ImageNet-1K에서의 fine-tuning은 30 epoch 동안 수행하며, 배치 크기는 1024, 학습률은 10⁻⁵로 고정, weight decay는 10⁻⁸로 설정한다.

Results with regular ImageNet-1K training

Table 1(a) presents comparisons to other backbones, including both Transformer-based and ConvNet-based, using regular ImageNet-1K training.

Table 1(a)는 ImageNet-1K 일반 학습 설정에서 Transformer 기반 및 ConvNet 기반 백본들과 Swin Transformer를 비교한 결과를 보여준다.

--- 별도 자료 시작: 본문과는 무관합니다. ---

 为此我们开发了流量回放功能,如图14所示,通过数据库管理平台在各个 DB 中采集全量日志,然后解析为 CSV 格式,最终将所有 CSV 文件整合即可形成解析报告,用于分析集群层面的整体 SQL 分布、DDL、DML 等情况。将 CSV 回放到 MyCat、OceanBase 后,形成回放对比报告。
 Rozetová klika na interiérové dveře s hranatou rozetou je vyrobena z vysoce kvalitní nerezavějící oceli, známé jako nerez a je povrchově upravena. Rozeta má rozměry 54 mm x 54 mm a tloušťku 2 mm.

Compared to the previous state-of-the-art Transformer-based architecture, i.e. DeiT [63], Swin Transformers noticeably surpass the counterpart DeiT architectures with similar complexities:

이전 SOTA Transformer 기반 구조인 DeiT [63]와 비교하면, Swin Transformer는 유사한 복잡도에서 명확히 더 높은 성능을 보인다:

*Swin-T (81.3%)는 DeiT-S (79.8%)보다 +1.5% 향상** (입력 224² 기준)
*Swin-B (83.3% / 84.5%)는 DeiT-B (81.8% / 83.1%)보다 +1.5% / +1.4% 향상** (입력 224² / 384² 기준)

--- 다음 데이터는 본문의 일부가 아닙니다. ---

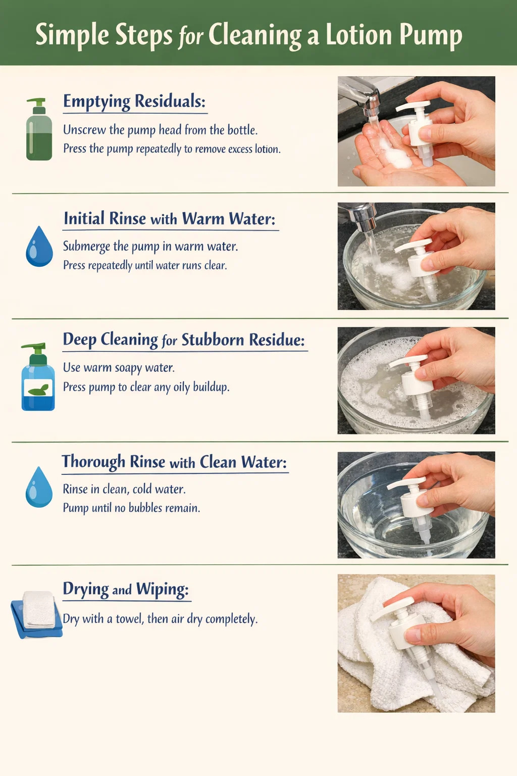 Ang paglilinis ng isang lotion pump ay talagang simple. Gamit ang tamang paraan, madali mong maalis ang natitirang produkto, tinitiyak ang kalinisan at maiwasan ang pagbara para magamit sa hinaharap.
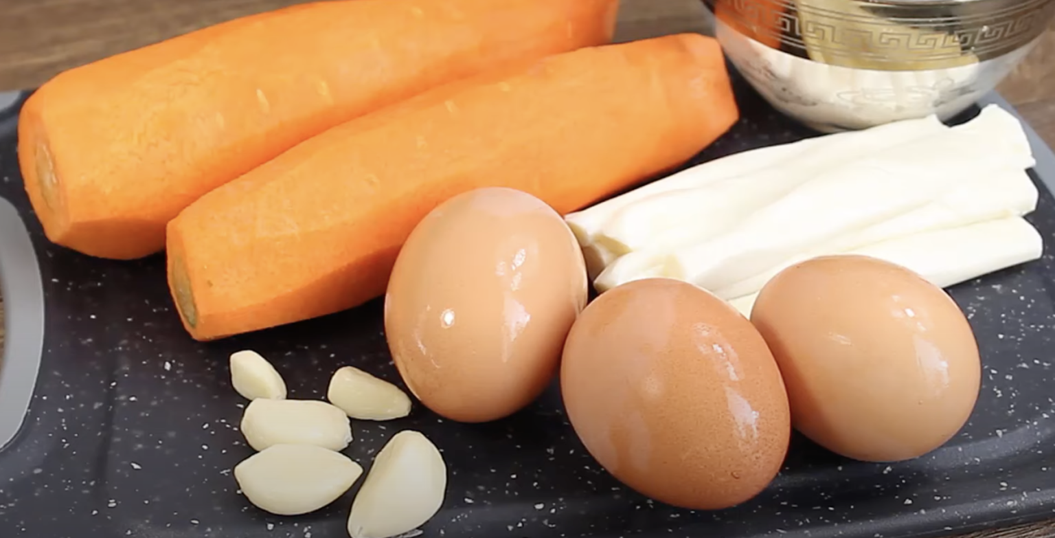W pierwszej kolejności należy ugotować jajka na twardo, ostudzić je, a następnie obrać. Później należy obrać marchewkę i zetrzeć ją na dużych oczkach za pomocą tarki. Marchewkę wkładamy do miski i dodajemy do niej przeciśnięty przez praskę czosnek.
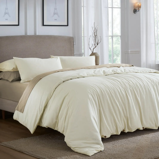 Melange Flannel Cotton Fuzzy Warm Two-Toned Duvet Cover Set
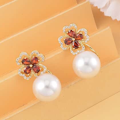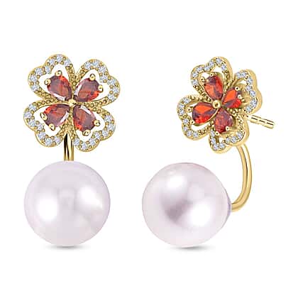 Shell Pearl and Simulated Red Sapphire Stud Earrings in Yellow Gold Tone
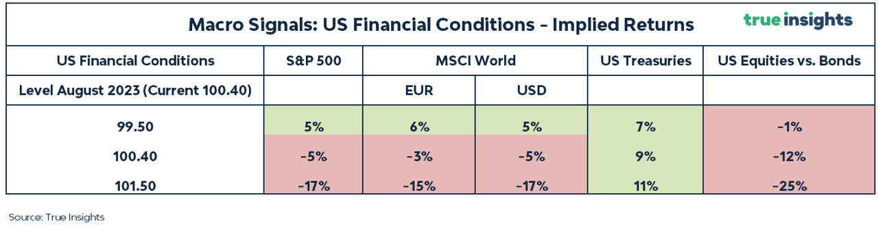 The table below shows the implied returns for different asset classes linked to three scenarios for financial conditions. A higher level of the Goldman Sachs US Financial Conditions Index means tighter conditions and vice versa.
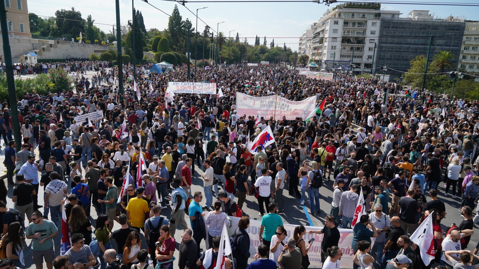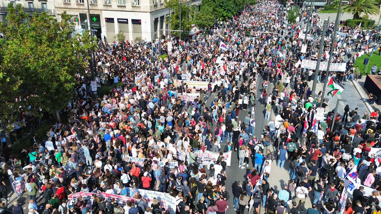 هذا و سجَّل بيان صادرٌ عن جبهة النضال العمالي "بامِه" في سياقه: «إن المشاركة الكبيرة في الإضراب والمظاهرات تُعربُ عن السخط المتراكم تجاهَ السياسة المعادية للشعب إجمالاً، والتي حوّلت مواقع العمل إلى ساحات موت. و تجاهَ الغلاءِ الذي يَلتهم دخل الشعب، و صحة الشعب التي أصبحت سلعة باهظة الثمن، و المدارس التي افتتحت بآلاف الوظائف الشاغرة وبتكلفة باهظة لتعليم أطفالنا. و تجاه المعاشات التقاعدية المقتطعة التي لا تكفي من أجل حياة كريمة في سن الشيخوخة. حيث أُعربَ عن مناهضة تورط بلدنا في الحروب الإمبريالية الدموية ودعم الحكومة اليونانية لنتنياهو القاتل ودولة إسرائيل القاتلة التي ترتكب إبادة جماعية بحق الشعب الفلسطيني. و تجاه ميزانيات الدولة المتنامية من أجل برامج تسليح الناتو، في الوقت الذي لا تُحسب فيه قيمة لحياة البشر و تُعتبر قابلة للاستهلاك، كما ثَبُتَ من جريمة تِمبي". (...)
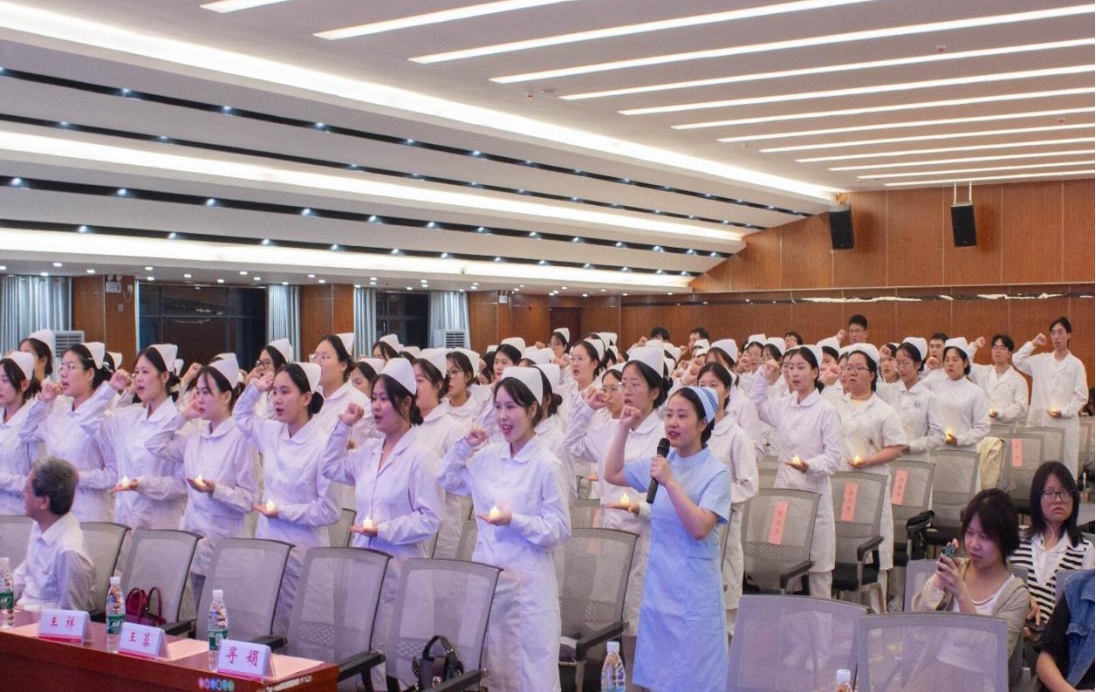 在300余名师生的见证下,来自附属医院和实习基地的资深护理前辈以及伟德国际victor1946教师代表为100余名伟德国际victor19462024届毕业生授帽。同学们佩戴上圣洁的燕尾帽,从护理前辈手中接过蜡烛,庄严宣誓:“燃烧自己,照亮他人,把毕生精力奉献给护理事业。”承诺用爱心、耐心、细心、责任心去对待每一位病人。

Compared with the state-of-the-art ConvNets, i.e. RegNet [48] and EfficientNet [58], the Swin Transformer achieves a slightly better speed-accuracy trade-off.

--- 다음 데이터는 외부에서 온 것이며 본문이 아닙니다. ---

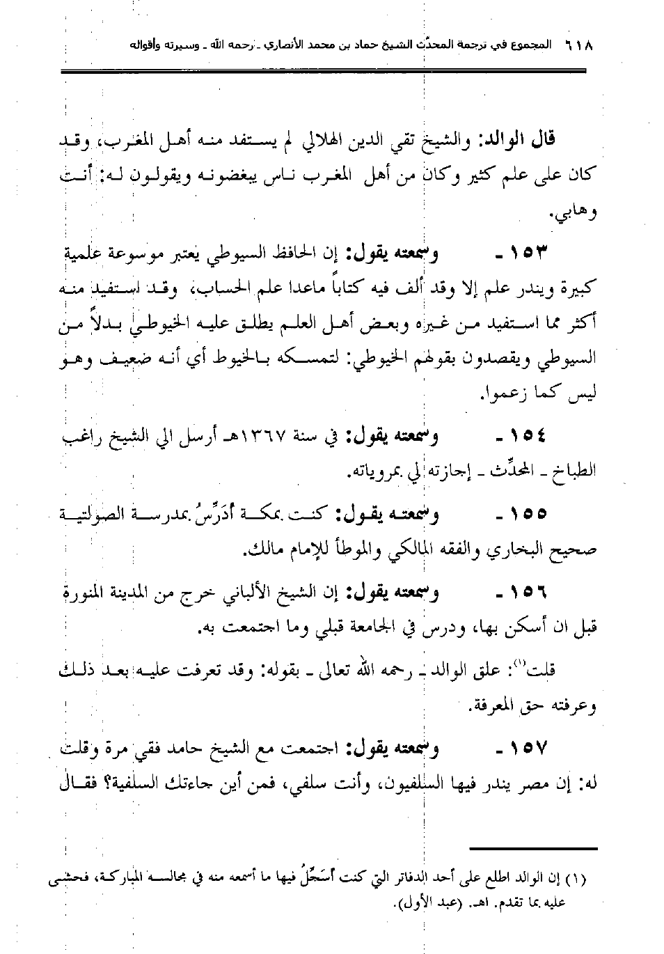156ـ وسمعته يقول: "إن الشيخ الألباني خرج من المدينة المنورة قبل ان أسكن بها، ودرس في الجامعة قبلي وما اجتمعت به".
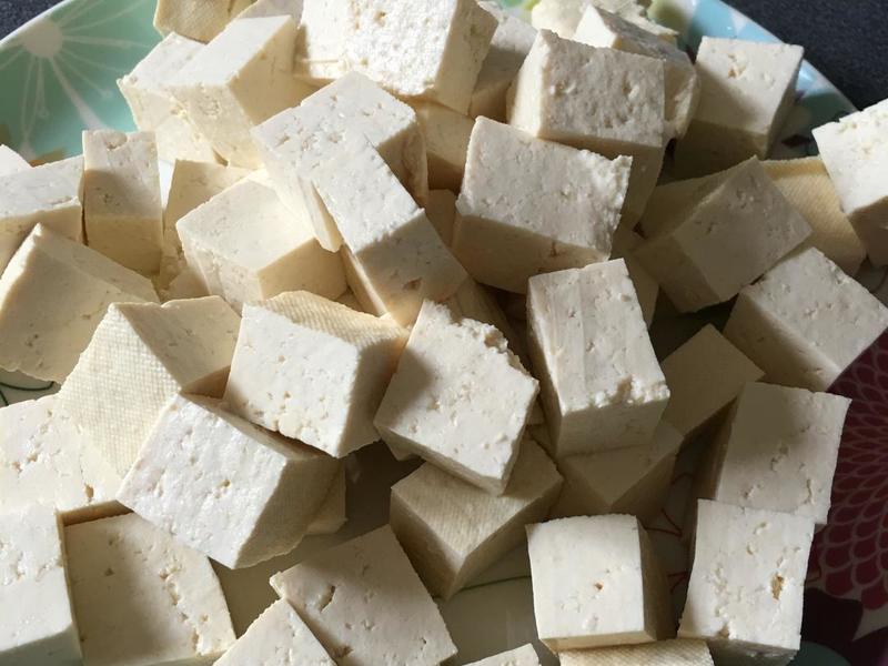 Bước 1: Đậu phụ cắt thành khối vuông nhỏ có kích thước khoảng 2cm. Sau đó lăn qua bột bắp sao cho phủ đều một lớp mỏng.
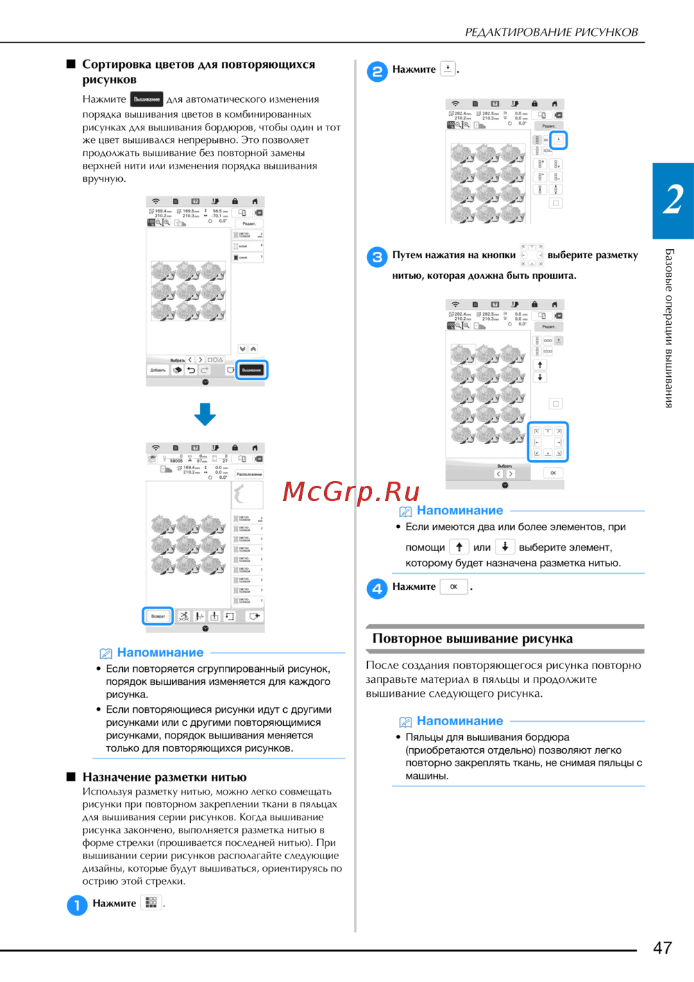 - При использовании данных для вышивании отличных от оригинальных рисунков при вышивании слишком плотных стежков или трех и более перекрывающихся стежков может произойти обрыв нити или может быть повреждена игла в этом случае с помощью одной из наших оригинальных систем создания данных отредактируйте данные для вышивания p.119
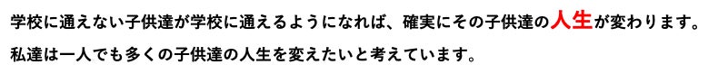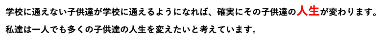 学校に通えていない子供達の現状を見て'' 知ってしまった '' 私達はこの現状を目を瞑って見過ごす訳にはいきません。
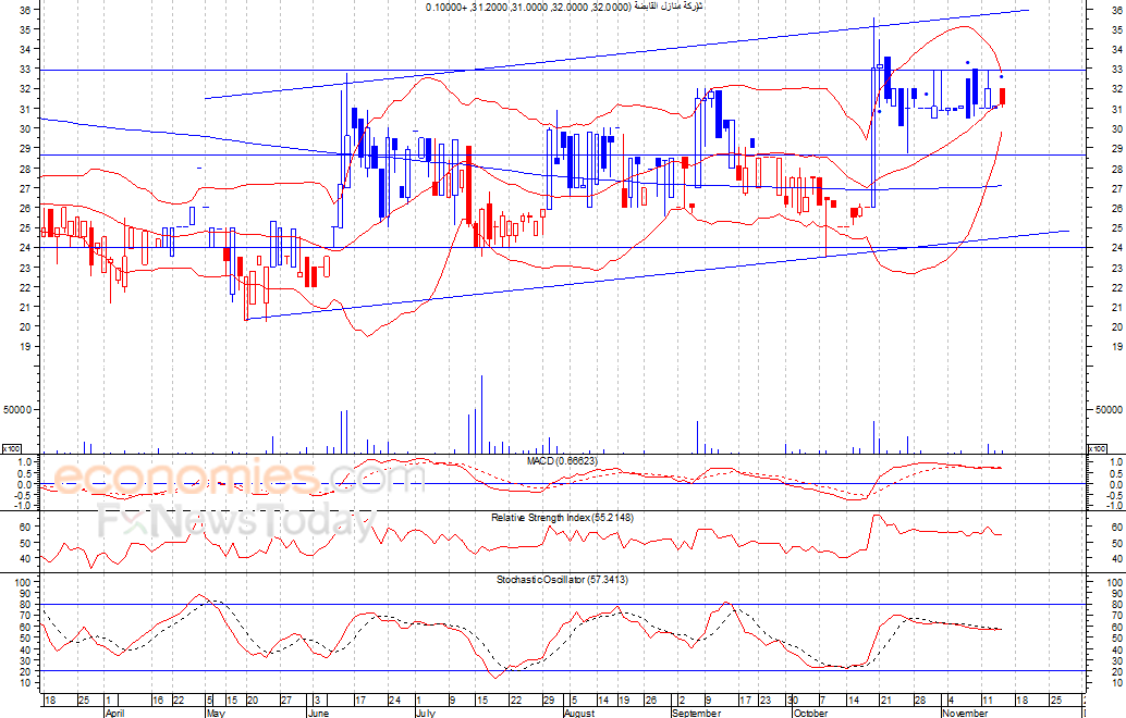 من المتوقع ان يكون النطاق السعري خلال جلسة اليوم بين مستوى الدعم هو 30.4 فلس وبين مستوى المقاومة هو 31.8 فلس
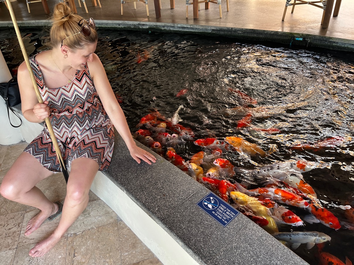 Das Frühstücksbuffet ist das beste, was wir bisher je gesehen haben. Riesige Auswahl an allem. Frisch, lecker und für alle etwas da. Das coole, in der Frühstücks-Lobby gibt es einen langen indoor Teich mit vielen Koi Fischen drin. Du sitzt da quasi neben den Fischen, welche sich ständig zeigen, weil sie Futter erwarten.

SOTA ConvNet인 RegNet [48] 및 EfficientNet [58]과 비교했을 때 Swin Transformer는 속도–정확도 균형(speed-accuracy trade-off)에서 약간 더 우수한 성능을 보인다.

Noting that while RegNet [48] and EfficientNet [58] are obtained via a thorough architecture search, the proposed Swin Transformer is adapted from the standard Transformer and has strong potential for further improvement.

RegNet과 EfficientNet이 광범위한 아키텍처 탐색을 통해 설계된 반면, Swin Transformer는 표준 Transformer에서 변형된 구조임에도 불구하고 이 정도 성능을 내며, 추가 개선 가능성이 크다는 점은 주목할 만하다.

Results with ImageNet-22K pre-training

We also pre-train the larger-capacity Swin-B and Swin-L on ImageNet-22K.

우리는 더 큰 모델인 Swin-B와 Swin-L을 ImageNet-22K에서 사전 학습하였다.

Results fine-tuned on ImageNet-1K image classification are shown in Table 1(b).

ImageNet-1K에서 파인튜닝한 결과는 Table 1(b)에 제시되어 있다.

For Swin-B, the ImageNet-22K pre-training brings 1.8%∼1.9% gains over training on ImageNet-1K from scratch.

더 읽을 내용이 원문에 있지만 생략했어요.